**TASK GOAL**. For this exercise, reproduce only the lines from the one holding "5. Se tapetează" through the final line of the data below, exactly, and omit pictures.

**DATASET SECTION**.
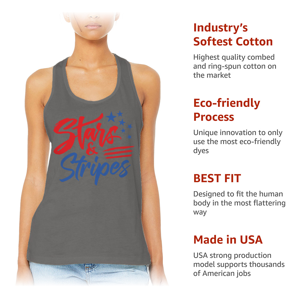 Stars and Stripes Racerback Tank is no ordinary piece of clothing. Its side-seamed detail and flatlock-finished hems provide a retail fit for clothing that’s true to size.
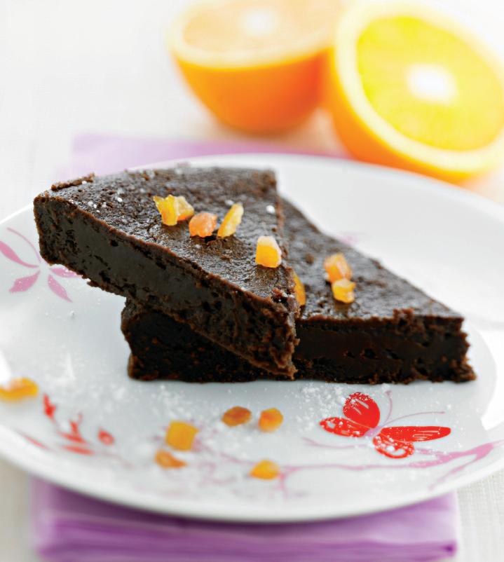 5. Se tapetează o formă de copt cu hârtie specială. Se întinde uniform compoziţia de ciocolată. Se introduce tava în cuptorul preîncălzit, pentru 20 de minute. Se scoate din cuptor și se lasă la răcit. Se servește rece, pudrată cu zahăr.
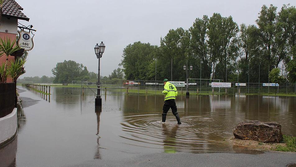 Die Überflutungen hielten sich im Aischtal im Raum Höchstadt in den gewohnten Grenzen. Bei Gremsdorf blieben zwei Autos in den Fluten stecken.

**SOLUTION TO THIS EXERCISE**.
 5. Se tapetează o formă de copt cu hârtie specială. Se întinde uniform compoziţia de ciocolată. Se introduce tava în cuptorul preîncălzit, pentru 20 de minute. Se scoate din cuptor și se lasă la răcit. Se servește rece, pudrată cu zahăr.
 Die Überflutungen hielten sich im Aischtal im Raum Höchstadt in den gewohnten Grenzen. Bei Gremsdorf blieben zwei Autos in den Fluten stecken.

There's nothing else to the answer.